Supplied entries Start Marker

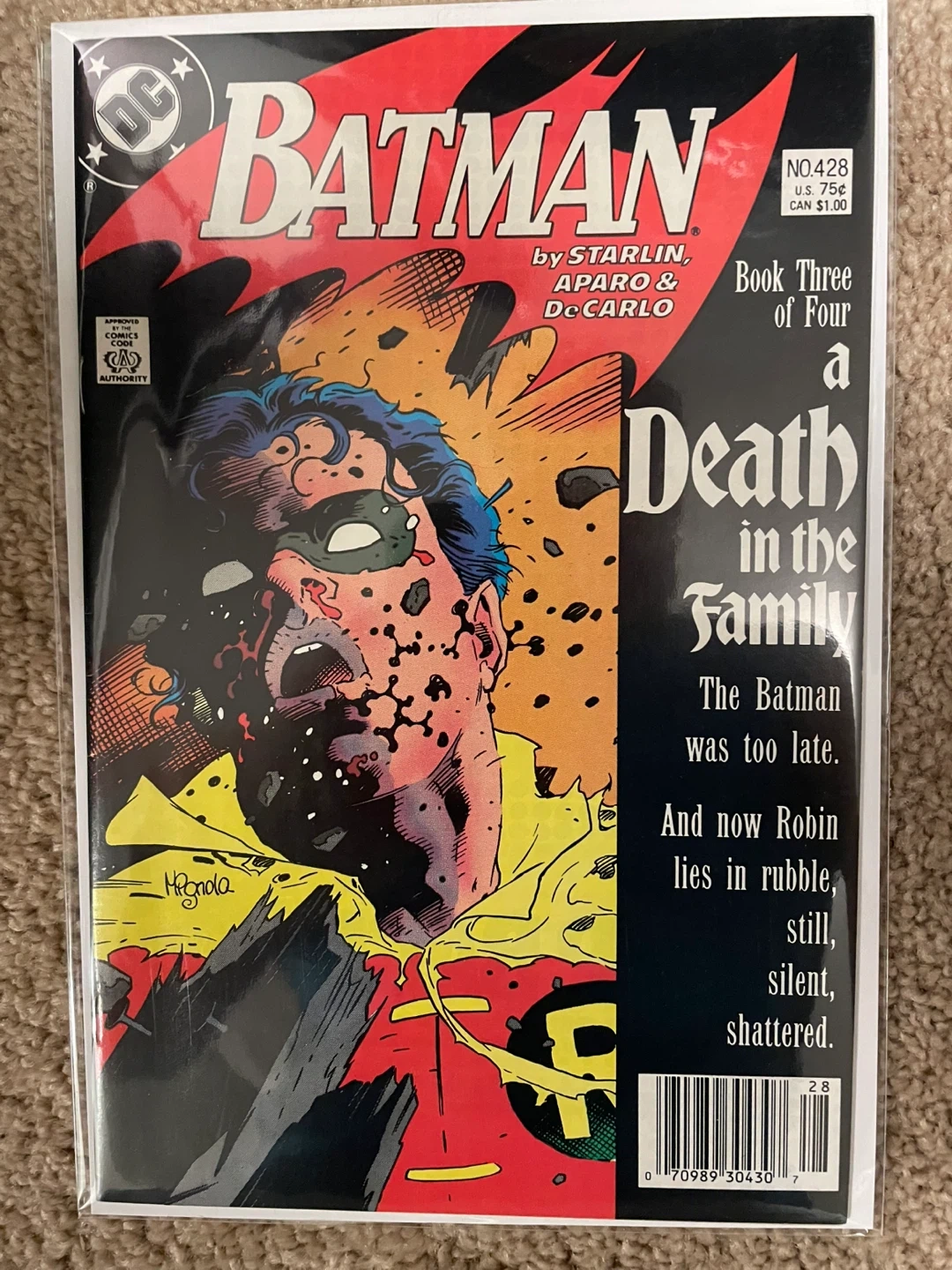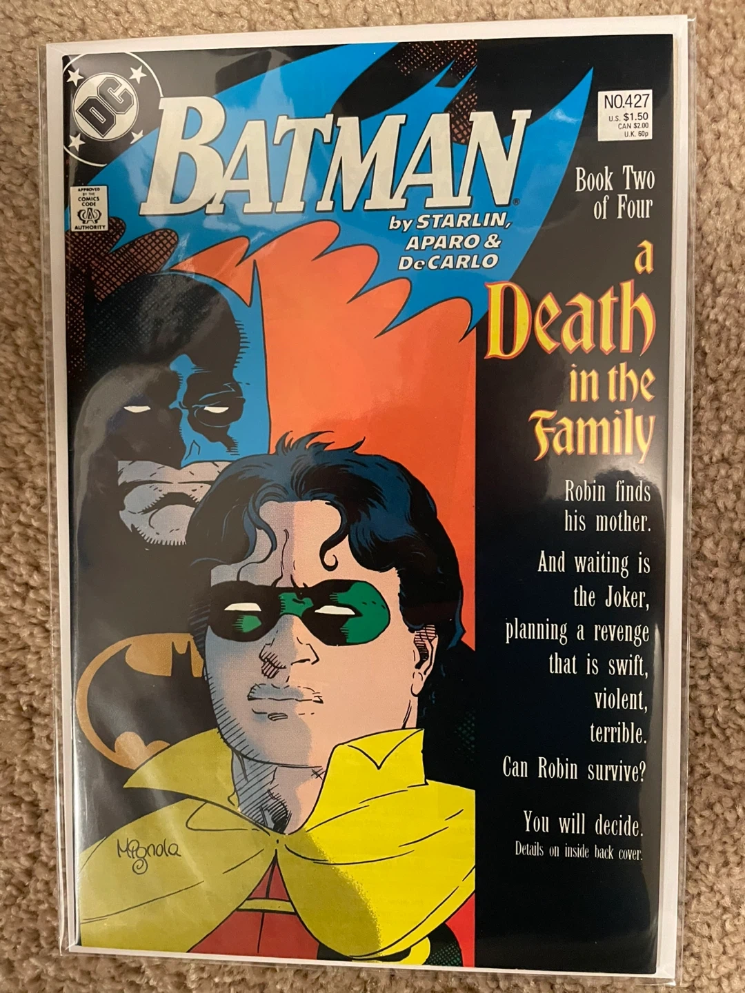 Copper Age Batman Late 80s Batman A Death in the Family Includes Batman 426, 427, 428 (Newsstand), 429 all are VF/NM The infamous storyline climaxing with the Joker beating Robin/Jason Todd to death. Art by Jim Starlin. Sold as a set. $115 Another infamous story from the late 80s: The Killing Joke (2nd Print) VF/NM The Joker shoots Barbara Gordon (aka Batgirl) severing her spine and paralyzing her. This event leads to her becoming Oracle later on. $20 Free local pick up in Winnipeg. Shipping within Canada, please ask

Supplied entries End Marker
Supplied entries Start Marker

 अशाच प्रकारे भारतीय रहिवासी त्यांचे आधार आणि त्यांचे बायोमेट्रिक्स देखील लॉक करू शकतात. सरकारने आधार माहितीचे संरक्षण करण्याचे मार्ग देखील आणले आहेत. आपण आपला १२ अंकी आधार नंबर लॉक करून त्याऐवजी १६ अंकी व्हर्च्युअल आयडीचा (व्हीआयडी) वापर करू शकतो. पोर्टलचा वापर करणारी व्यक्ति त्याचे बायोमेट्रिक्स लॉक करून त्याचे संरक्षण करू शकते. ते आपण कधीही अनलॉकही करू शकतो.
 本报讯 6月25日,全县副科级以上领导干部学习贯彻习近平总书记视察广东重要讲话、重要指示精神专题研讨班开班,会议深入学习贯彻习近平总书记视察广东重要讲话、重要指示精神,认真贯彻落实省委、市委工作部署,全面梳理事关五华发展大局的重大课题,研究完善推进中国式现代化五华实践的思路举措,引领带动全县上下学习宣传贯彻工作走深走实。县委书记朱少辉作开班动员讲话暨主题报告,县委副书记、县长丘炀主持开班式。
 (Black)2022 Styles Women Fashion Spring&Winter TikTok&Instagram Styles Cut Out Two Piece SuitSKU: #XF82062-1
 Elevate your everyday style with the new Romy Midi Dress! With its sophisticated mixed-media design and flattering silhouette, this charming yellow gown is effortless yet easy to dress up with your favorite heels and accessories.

Supplied entries End Marker
Supplied entries Start Marker

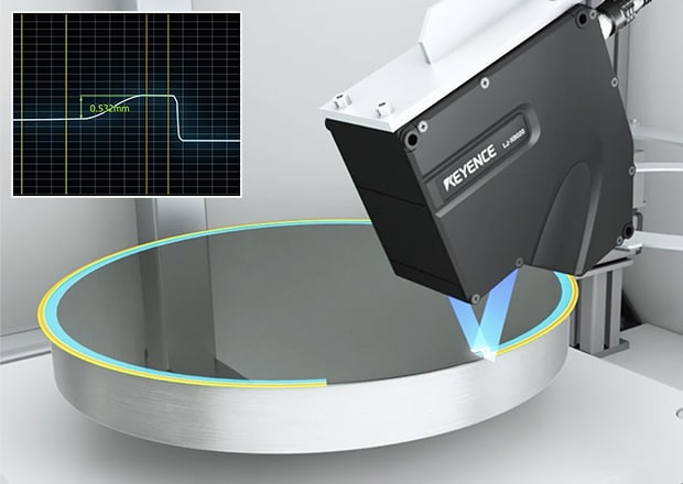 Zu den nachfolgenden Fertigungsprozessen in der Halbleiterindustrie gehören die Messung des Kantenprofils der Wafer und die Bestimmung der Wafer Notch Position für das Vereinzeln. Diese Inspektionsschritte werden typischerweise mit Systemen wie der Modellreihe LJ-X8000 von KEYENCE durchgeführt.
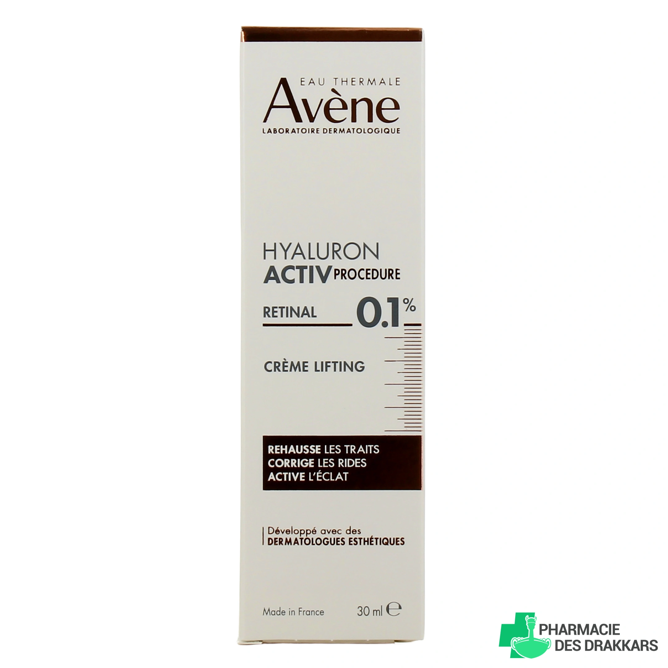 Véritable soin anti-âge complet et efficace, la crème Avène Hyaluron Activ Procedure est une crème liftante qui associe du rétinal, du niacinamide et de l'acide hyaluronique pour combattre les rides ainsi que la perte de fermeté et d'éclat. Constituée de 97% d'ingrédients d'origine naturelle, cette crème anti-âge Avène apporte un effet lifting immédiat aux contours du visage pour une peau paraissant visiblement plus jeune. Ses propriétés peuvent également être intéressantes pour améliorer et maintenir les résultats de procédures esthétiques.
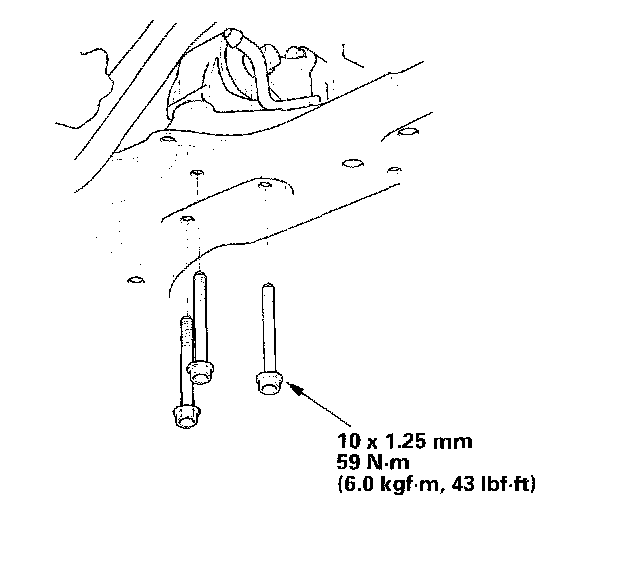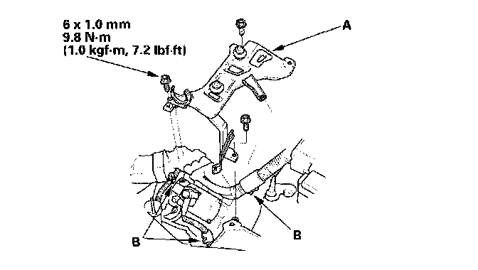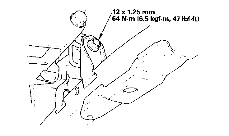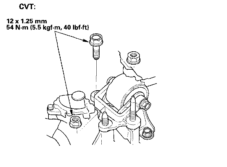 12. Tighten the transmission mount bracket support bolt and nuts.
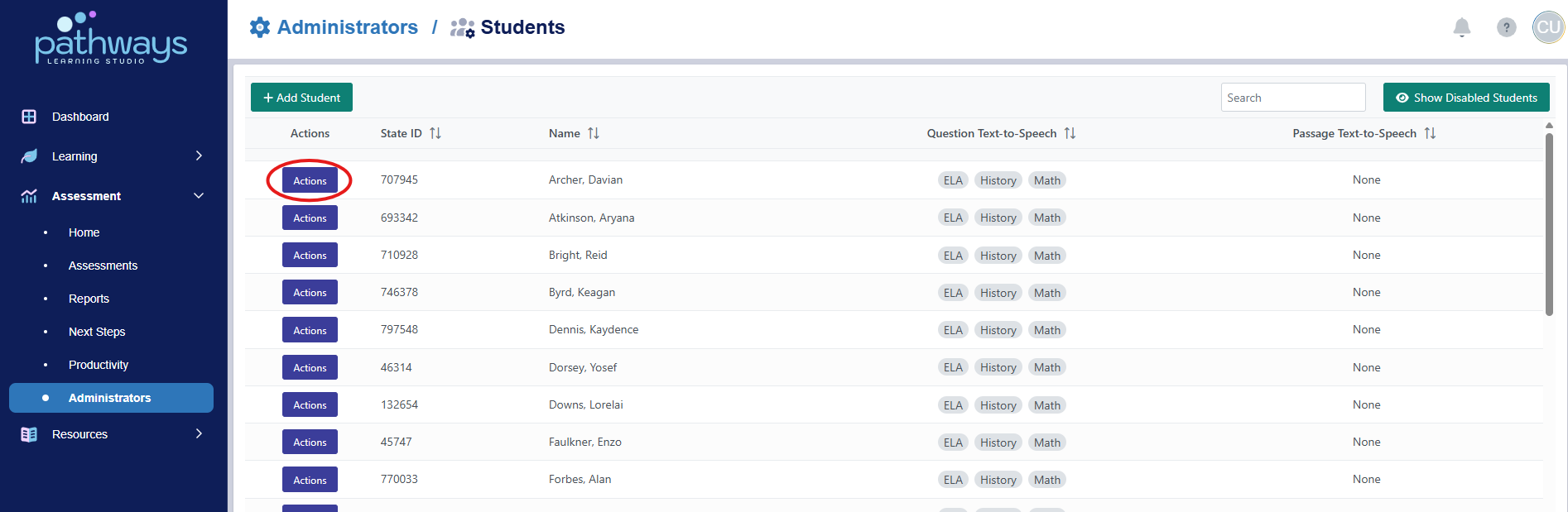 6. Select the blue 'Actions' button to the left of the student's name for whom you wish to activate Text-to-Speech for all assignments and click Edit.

Supplied entries End Marker

The problem. Return only the stretch of the material above from the line holding "(Black)2022 Styles Women" through the line holding "Elevate your everyday", copied exactly.

Written solution.
 (Black)2022 Styles Women Fashion Spring&Winter TikTok&Instagram Styles Cut Out Two Piece SuitSKU: #XF82062-1
 Elevate your everyday style with the new Romy Midi Dress! With its sophisticated mixed-media design and flattering silhouette, this charming yellow gown is effortless yet easy to dress up with your favorite heels and accessories.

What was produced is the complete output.